O estorno realizado após a finalização de uma compra é chamado de “chargeback”, uma questão delicada que pode envolver casos de fraude. Geralmente, acontece quando o cliente alega não ter realizado a compra ou após o extravio da mercadoria. A legislação não exige do consumidor a comprovação dessas situações e cabe ao estabelecimento arcar com o reembolso e o prejuízo decorrente dele.

 
Para evitar essas situações, o varejista deve investir em soluções antifraude para assegurar a identidade e os dados financeiros do cliente. Pode também utilizar recursos disponibilizados por gateways de pagamento como o 3D Secure, que repassa a autenticação do cliente aos bancos emissores dos cartões, assim como a responsabilidade por eventuais chargebacks.

 

 

 

Erros operacionais

Vez ou outra aparecem casos na mídia de pessoas que adquiriram um item caro por um preço extremamente abaixo do normal, como um notebook por R$ 100 durante a madrugada, e acabam por recorrer à Justiça para receber o produto. Esses são exemplos típicos de erros operacionais que podem acontecer mesmo em lojas com infraestruturas robustas e integrações complexas.

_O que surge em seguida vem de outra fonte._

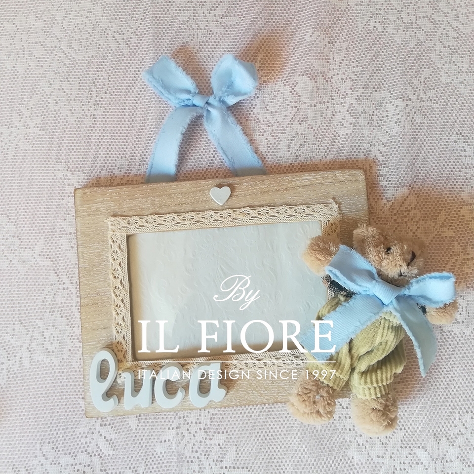 Portafoto bimbo e bimba, cornice in legno da appendere decorata con merletto e orsetto. Il portafoto si può personalizzare con nome. Ideale anche come originalissimo articolo da regalo Battesimo – nascita. Nel prezzo è inclusa la confezione regalo.
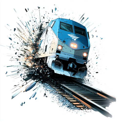 High-resolution logo on a white background, showing an anthropomorphized train bursting out of the tracks, with pieces of the track flying outward. The human-like face, with a metallic sheen or in a color like vibrant blue, electric silver, or dark gray, is fierce and focused, and the train's body is slightly arched as if lifting off the ground, giving a dramatic, powerful effect. The headlights cast beams of light forward, enhancing the intensity
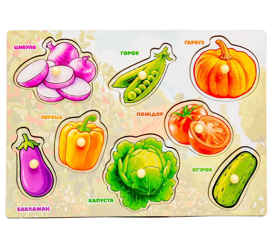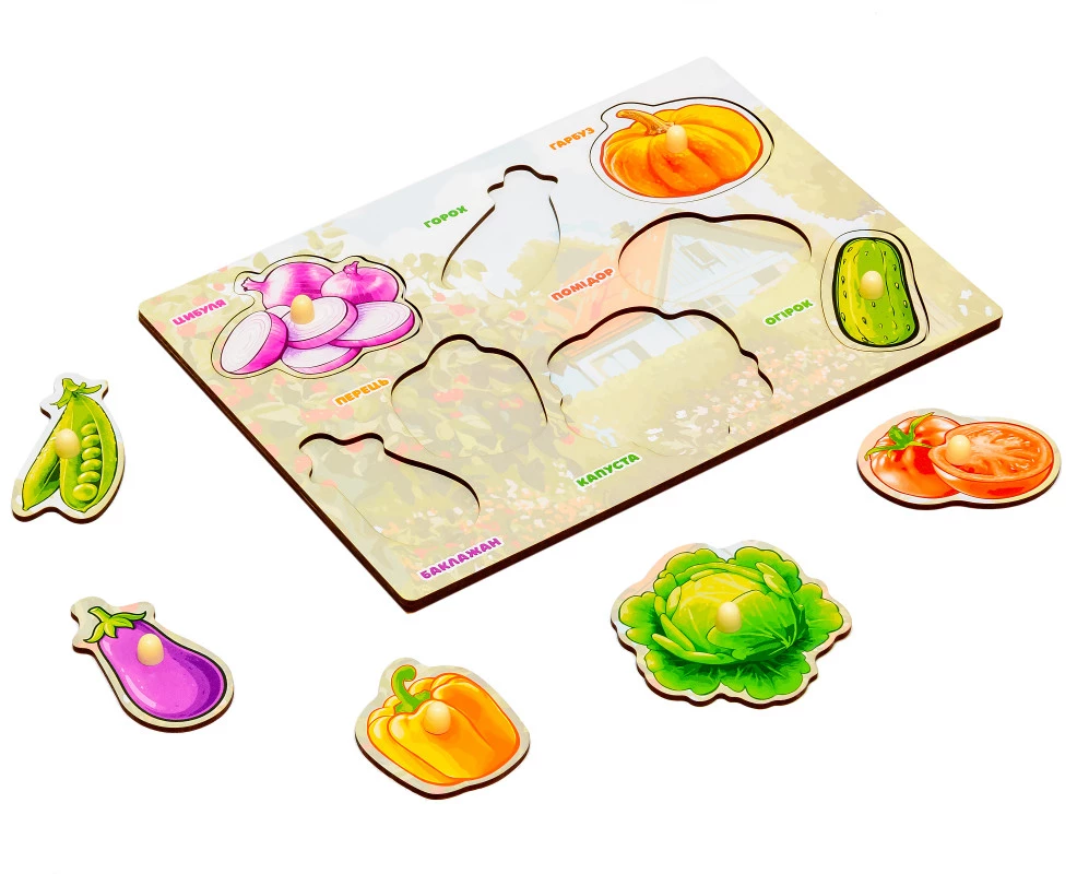 Этот красочный пазл-вкладыш создан для знакомства маленьких исследователей с миром садоводства. Набор включает в себя основу и 8 крупных фигурок вкладышей, каждая из которых изображает популярный овощ (огурец, помидор, капусту и другие). Фигурки легко извлекаются и вставляются в углубления благодаря удобным ручкам и крупному размеру.
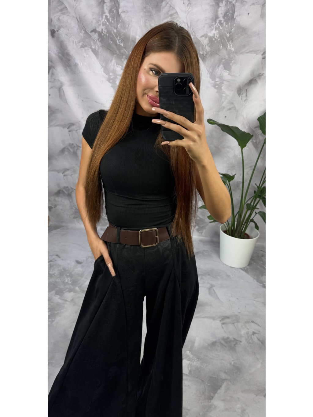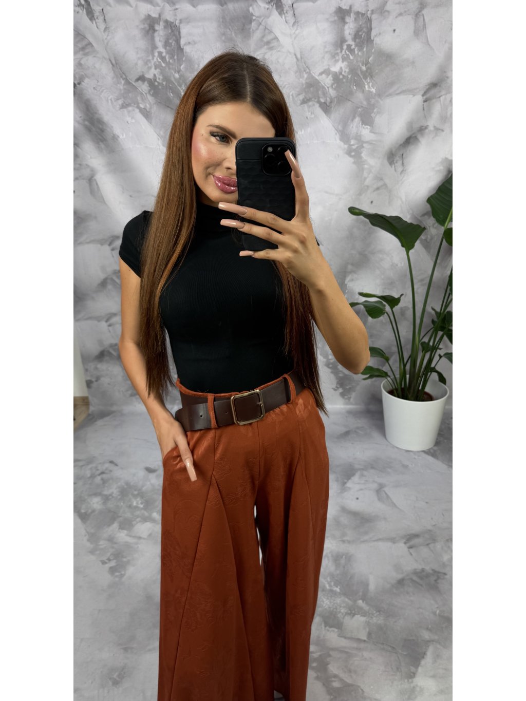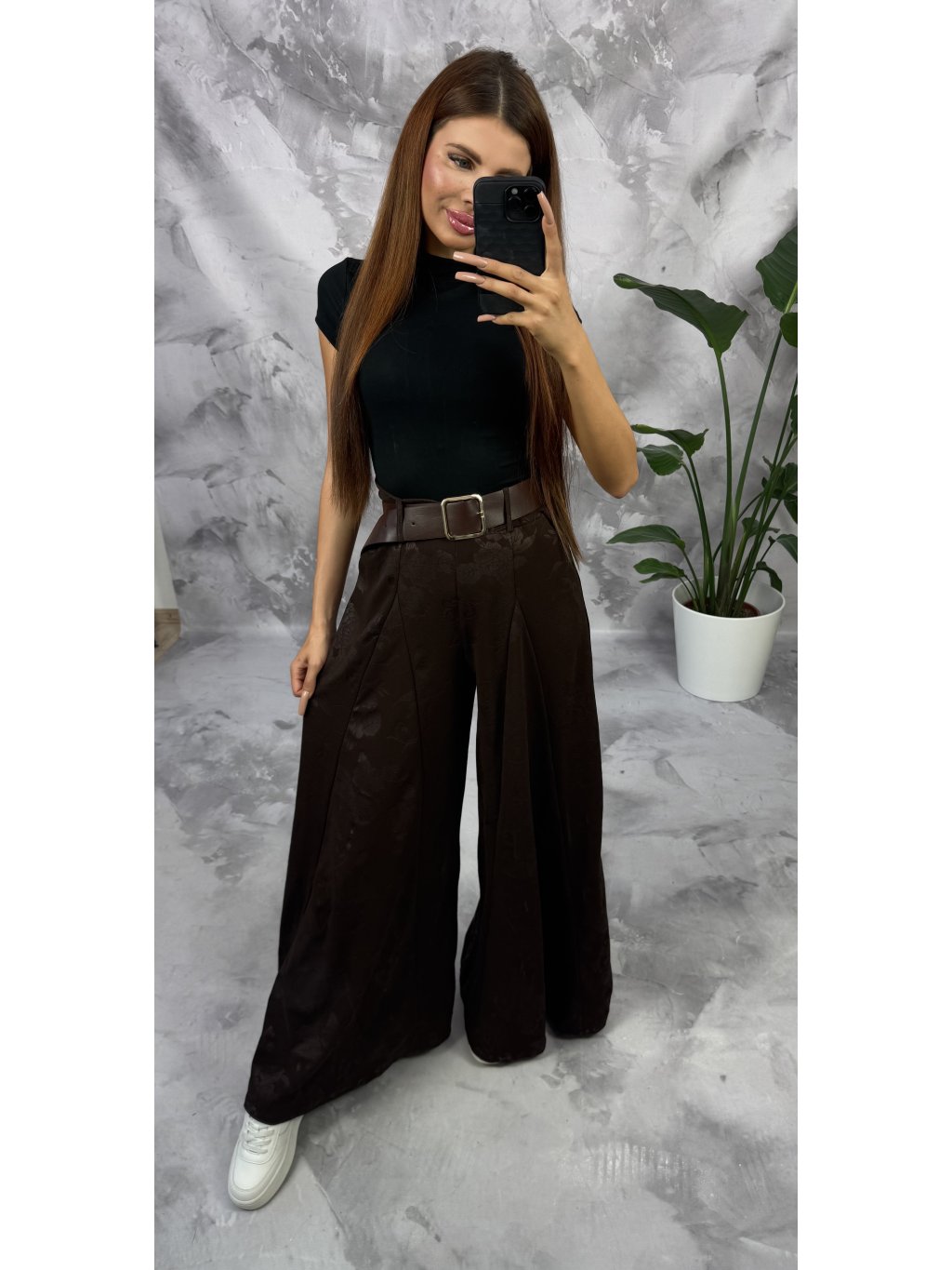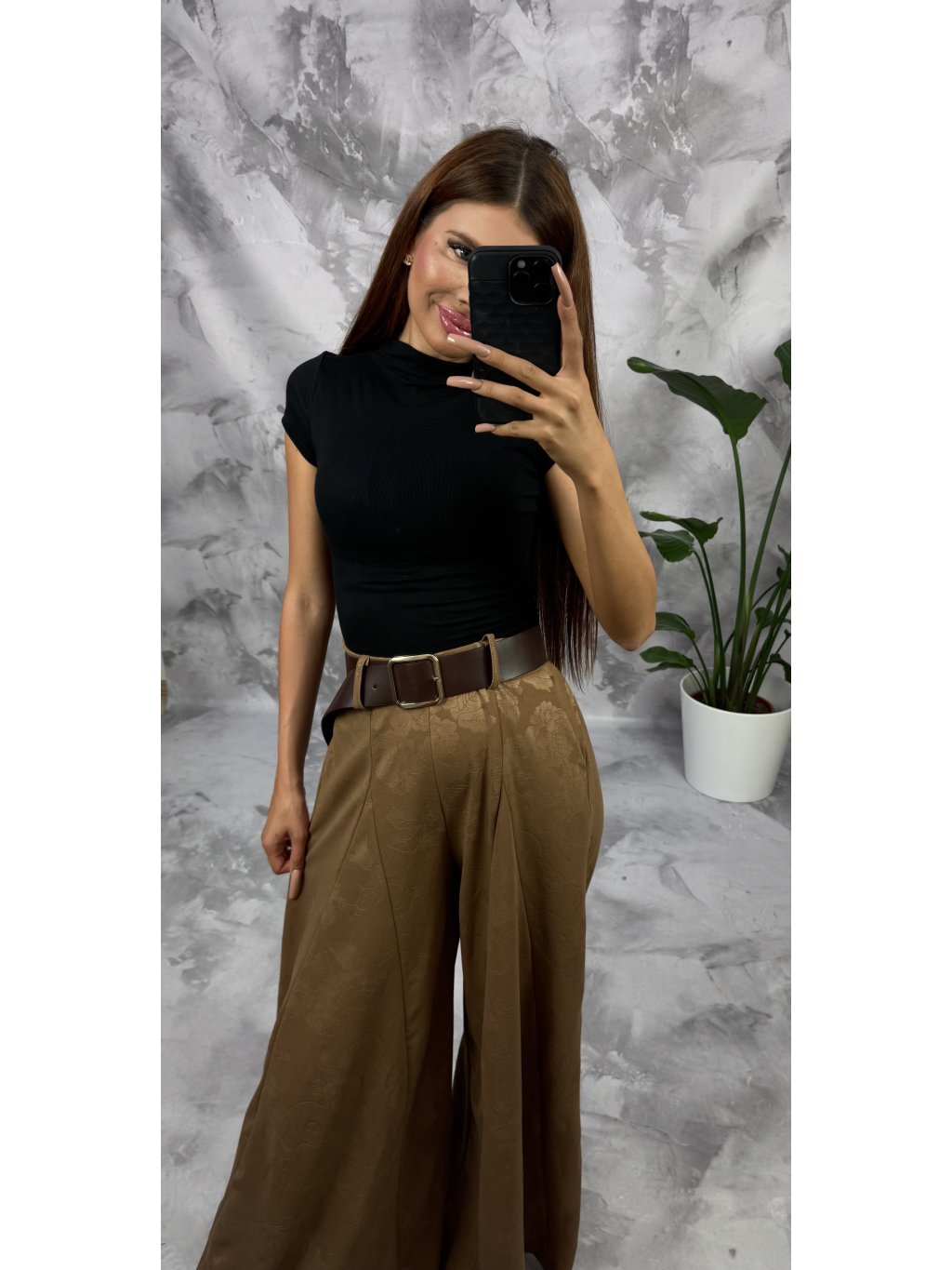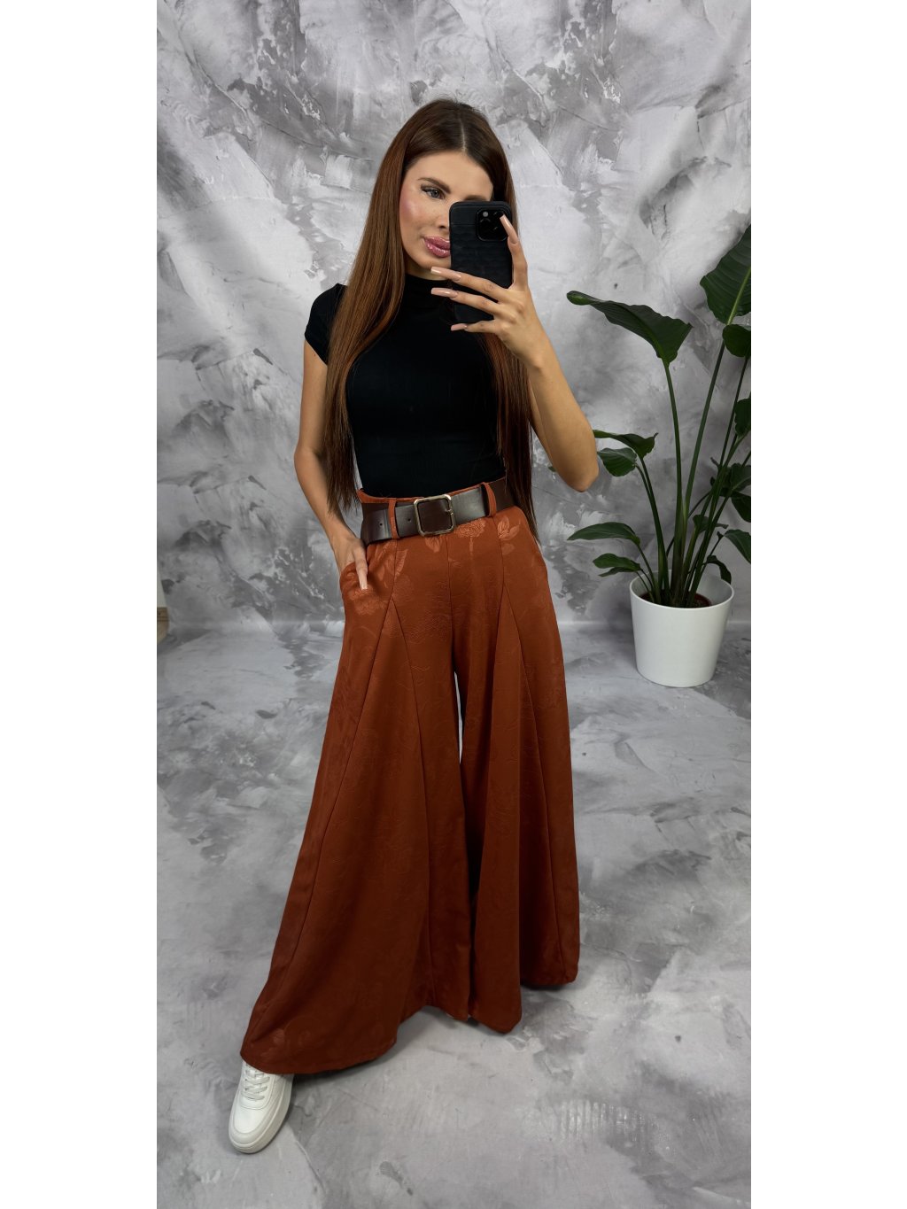 Nohavice HELEN, obľúbený široký model s netradičným vzorom. Jednoduchý model, ale zároveň romantický a elegantný vďaka kvetinovej potlači. Po bokoch praktické vrecká. Súčasťou nohavíc je aj opasok. Dostupné v niekoľkých atraktívnych farbách. Príjemný, ležérny strih. Vhodné do výšky 175cm.
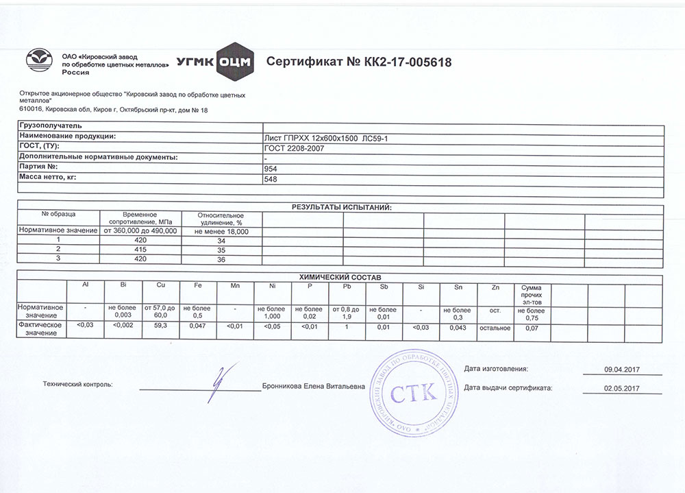 Клейма не контактирующие с продуктами питания мы изготавливаем из латуни марки ЛС59-1. Согласно ГОСТ 2208-2007 данная марка латуни содержит около 1% свинца.
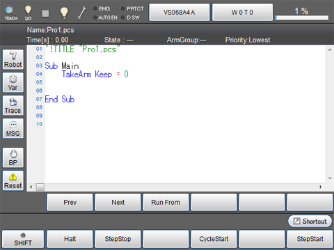 | [F4 CycleStart] | Single-cycle start of the program being executed. |
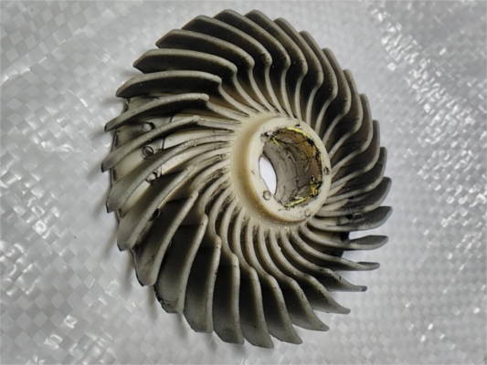 Крыльчатка диаметрами 19(внутри)*88(снаружи) мм охлаждения двигателя фрезерного станка, рейсмуса Энергомаш РС-14330, BauMaster ТН14330/14305. Чтобы еще совпадали внутренние выступы направляющие - это роскошь, главное чтобы плотно одевалось на вал, грейте феном, одевайте на клей
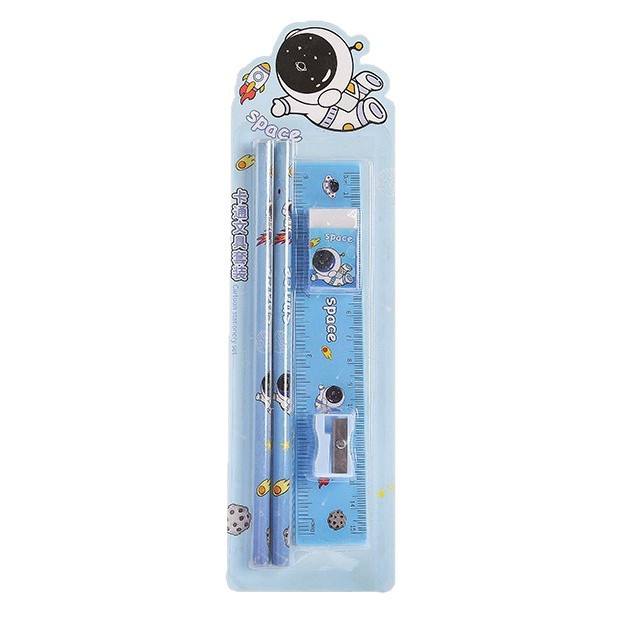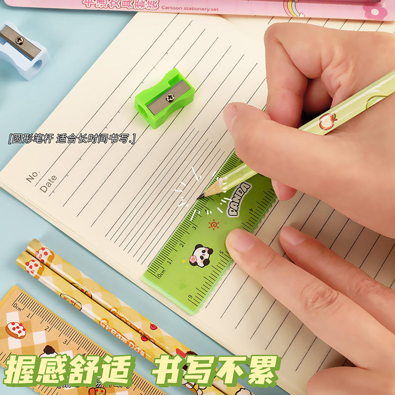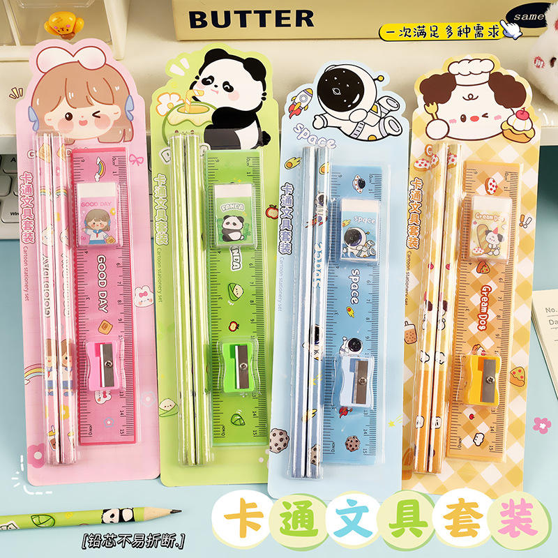 Cartoon Pencil Set Student Stationery Ruler 5 Piece Set Children Drawing Supplies Kindergarten Gift

O poder judiciário tem evoluído nos últimos anos e passado a negar os recursos dos consumidores na maioria desses casos.

 

 

*Gabriel Trindade é gerente comercial da EZ Commerce, plataforma para lojas virtuais vencedora do Prêmio MercadoLivre 2015 na categoria “Melhores práticas em tecnologia”

Adaptado do texto “E-commerce: os direitos do consumidor e do lojista”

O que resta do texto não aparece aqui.